-- EXERCISE DATA follows --

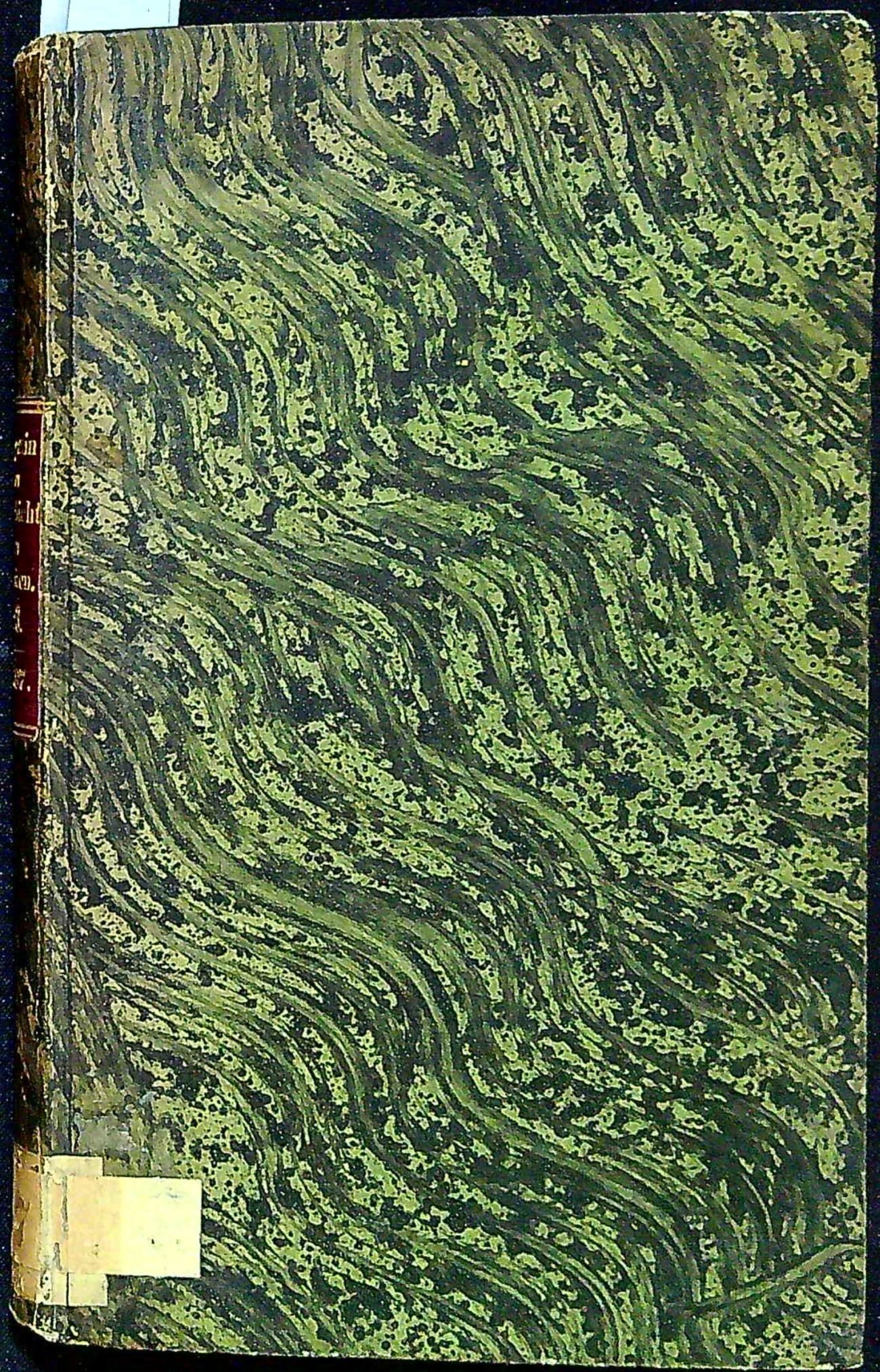 Dobová vazba s kartonovými deskami potaženými mramorovaným papírem, ve hřbetu kožený štítek s tlačeným a zlaceným názvem s datací tisku, přes spodní okraj hřbetu přelepen starý papírový knihovnický štítek s číslem, stříkané ořízky. Na titulním listu staré razítko zednářské lóže "Loge zu den drei Weltkugeln". Na předním přídeští nalepeno ex libris Gustava Partheye. Na několika listech při spodním vnějším okraji oslí
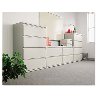 19 1/4" deep drawers with side-to-side hang rails to accommodate letter/legal hanging files. Full drawer extension on steel ball bearing telescoping slide suspension. Reinforced double-wall drawer fronts provide extra stability. Stylish full-width recessed pulls. Anti-tipping interlock system allows only one drawer to open at a time. Single key core removable lock with two keys. Color: Light Gray; Overall Width: 42"; Overall Depth: 19 1/4".
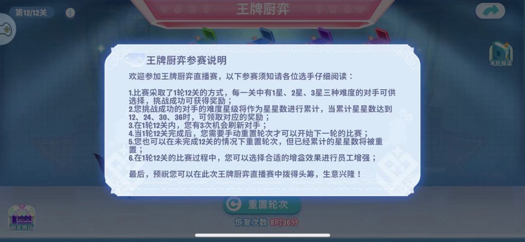 每天和本服务器的玩家对战,共12关,根据厨艺高低,每一关对手分为1星、2星和3星三种难度。
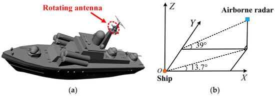 To further testify the performance of the proposed method, we used the echoes of a ship target generated by the graphic electromagnetic computing (GRECO) technique [32], which combines physical optical (PO) theory and physical theory of diffraction (PTD). The target model is described in Figure 9a, where the dashed circle indicates the antenna rotating with a frequency of 1 Hz. Figure 9b depicts the imaging geometry. The ship was 6.9 km from the airborne radar and located at the origin. The radar operated at 5 GHz, the bandwidth was 1 GHz, and the radar moved along the opposite direction of the -axis with a constant velocity of 300 m/s. 256 pulses were collected in a CPI of 2.3 s and the SNR was 20 dB. We obtained the limited measurements by choosing 128 pulses randomly. Within each pulse, there were 128 complex range samples. The window width and the time step of the STFT were 20 PRI and 2 PRI, respectively. According to the aforementioned parameters, the size of was calculated to be .

-- EXERCISE DATA concluded --

- EXERCISE REQUIREMENTS -
What is needed is an exact copy of only the lines above from the one with "deep drawers with" to the one with "每天和本服务器的玩家对战,共", both kept, with every picture left out.

- RESPONSE TO THE EXERCISE -
 19 1/4" deep drawers with side-to-side hang rails to accommodate letter/legal hanging files. Full drawer extension on steel ball bearing telescoping slide suspension. Reinforced double-wall drawer fronts provide extra stability. Stylish full-width recessed pulls. Anti-tipping interlock system allows only one drawer to open at a time. Single key core removable lock with two keys. Color: Light Gray; Overall Width: 42"; Overall Depth: 19 1/4".
 每天和本服务器的玩家对战,共12关,根据厨艺高低,每一关对手分为1星、2星和3星三种难度。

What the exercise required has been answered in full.